First and foremost, we all want our children to be happy, now and longer term. Part of a parents’ role is ensuring children have the right opportunities and options further down the line for them to achieve their potential and find a job they love, not just tolerate. One of the more important decisions they will make in an academic sense is which GCSE options to pursue. This milestone typically comes during Year 9, when they are around 13 to 14 years old. Seems scary to be thinking about what they’ll be when they grow up already? Maybe, but it’s worth putting time and effort into guiding your child at this time.
What GCSEs they study, and what grades they achieve, will affect their choice of sixth form college and what A Levels they are able to study for. They may affect eligibility for a university course; and even the universities to which they can apply. They may even impact on longer term career choices. So what do you, as a parent, need to know?
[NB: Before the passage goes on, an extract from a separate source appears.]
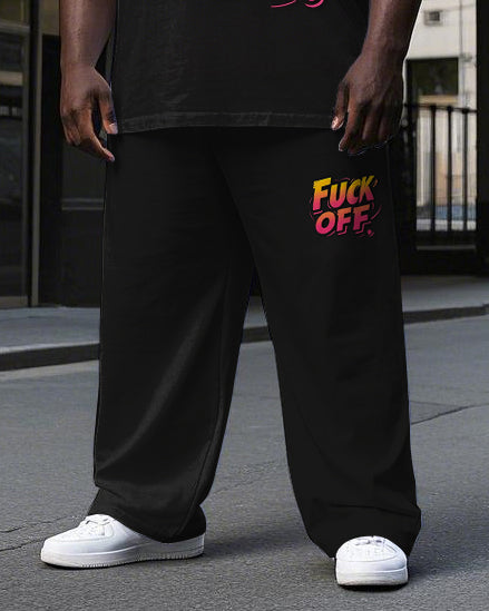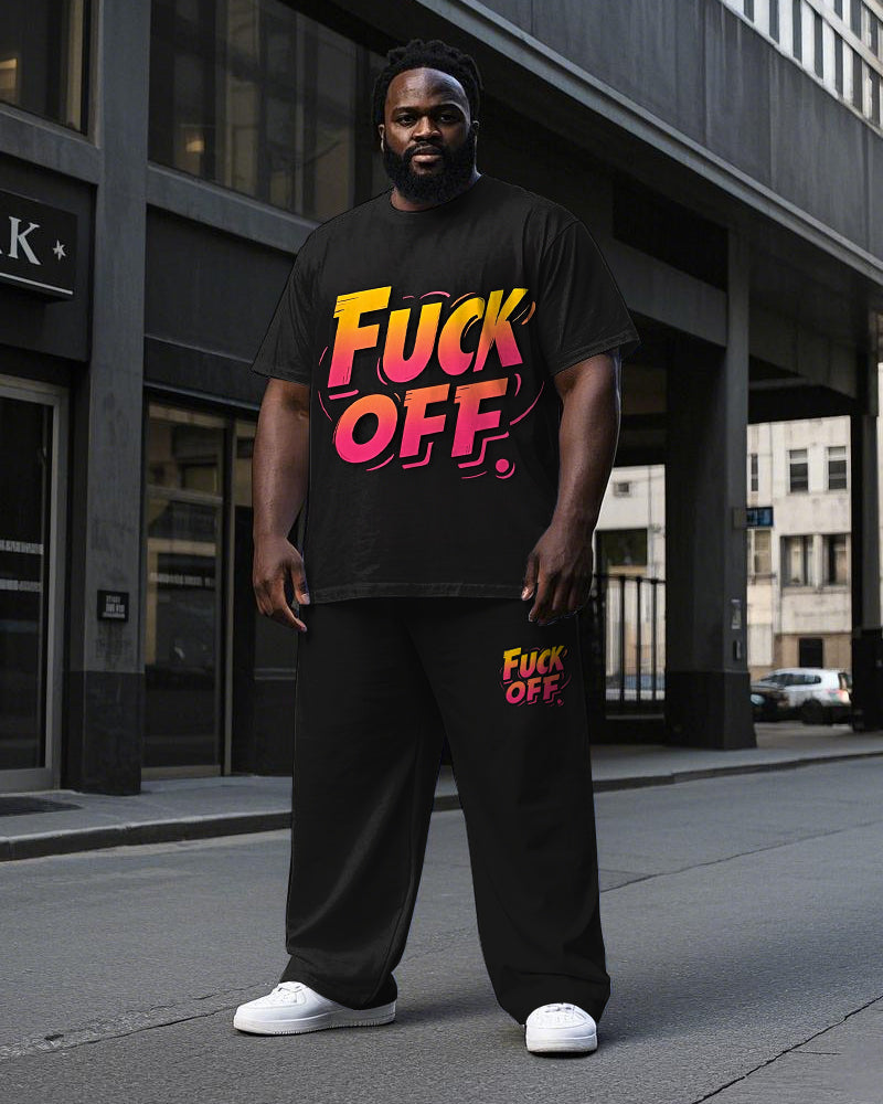 Men's Big Size Simple Gradient FUCK OFF Letter Printed Short Sleeve T-shirt Pants Set

Firstly, there is a core of subjects that all pupils must study. These are largely non-negotiable:
- English Language
- English Literature
‘Sciences’ covers physics, chemistry and biology, which can account for either three separate GCSEs or the Double Award, which equates to two GCSEs. The latter still covers the three sciences, albeit in a different way, and will not disqualify your child from studying physics, chemistry or biology to A Level, provided an appropriate level of achievement is attained.
So that fills five or six of the options. Most children will study for between eight and ten GCSEs, and the remaining slots can be filled as you and they decide. However, they must be offered at least one option in each of four so-called ‘entitlement areas’. These include the arts, design & technology, humanities, and modern foreign languages; although they aren’t obliged to select one from each of these categories. How to narrow it down? Try the following:
- If your child has a specific university course in mind, look at university requirements and on online forums for advice on which additional subjects to take. Many universities like to see well-rounded students, so for some, a mixture of languages, an arts subject and their preferred humanities subject, either history or geography, will work well.
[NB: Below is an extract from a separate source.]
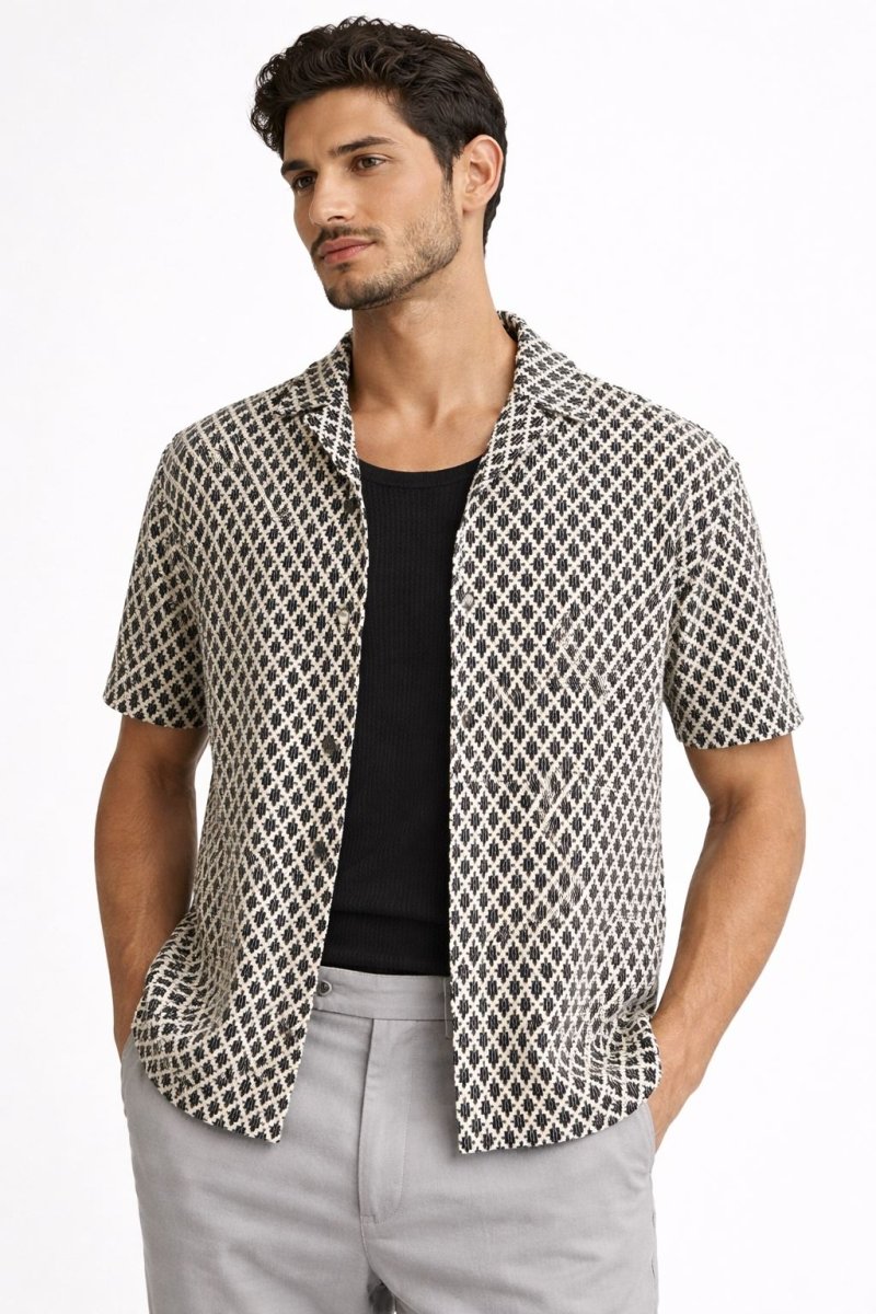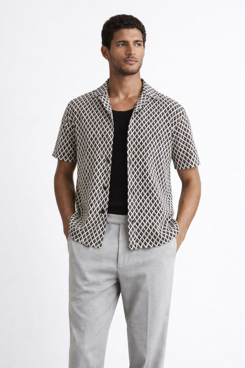 The classic Cuban collar offers a laid-back yet polished look — ideal for summer evenings, holidays or weekend wear. Crafted with premium attention to detail and a breathable textured knit, this shirt makes styling easy and stylish.

- If they do not know what they want to study further at A Level or equivalent, opting for a broad range will also keep their options open. The GCSE courses will help them learn more about preferences in learning styles and strengths – for instance, design & technology subjects can be more practical; history or geography more theoretical and essay-based.
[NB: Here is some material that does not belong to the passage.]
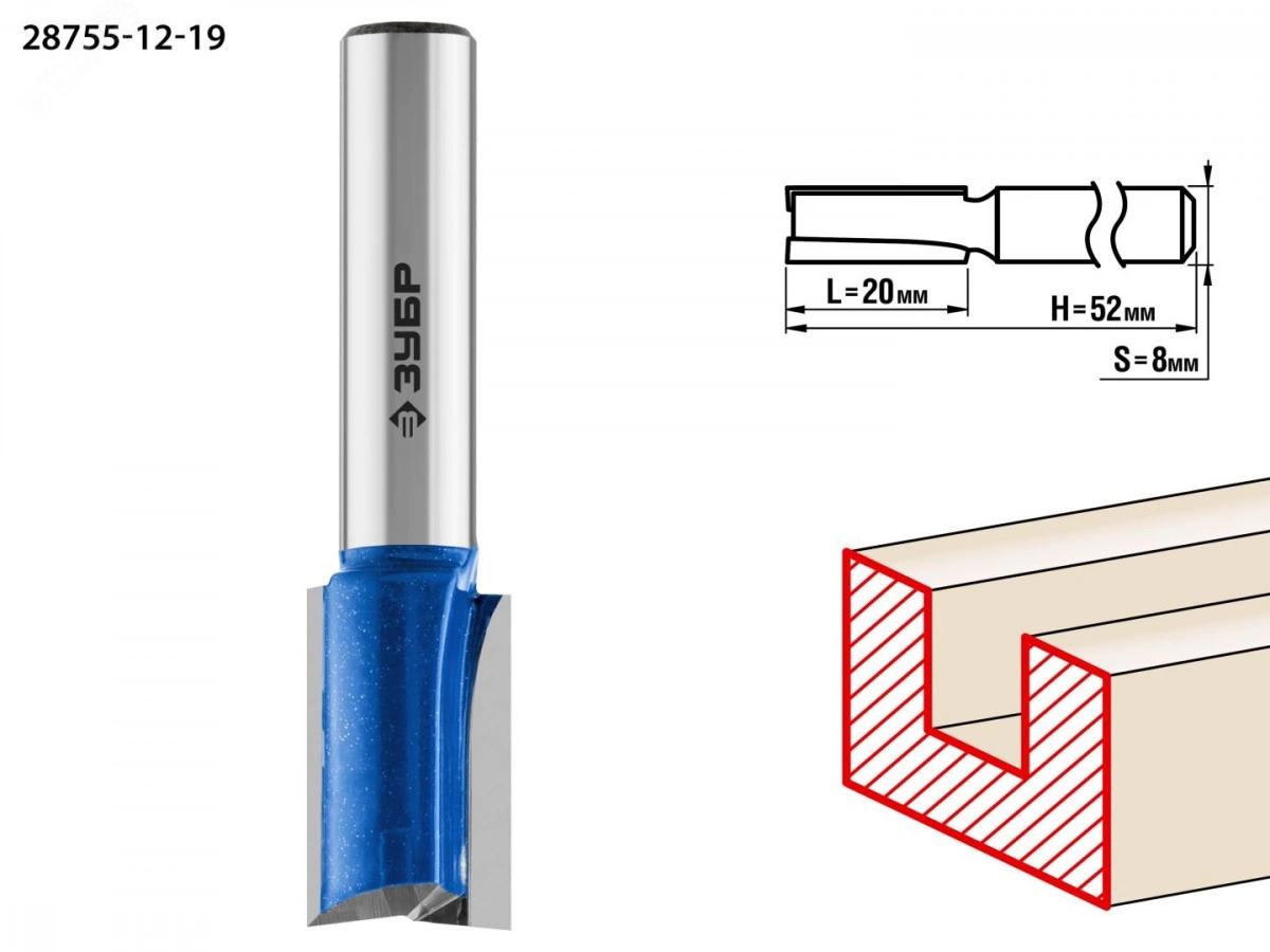 Фреза пазовая прямая с нижними подрезателями 12x19мм, хвостовик 8мм

- Does your child have a passion for particular subjects? They have to study and achieve in these subjects for two years. It will be demotivating studying for a subject they actively dislike.
What should you advise them against? Essentially, discourage decisions based on personalities such as a like or dislike of a particular teacher; or on what subjects friends are choosing. Two years is a long time in anyone’s life and situations change. Better to make a list of pros and cons, and make the decision objectively!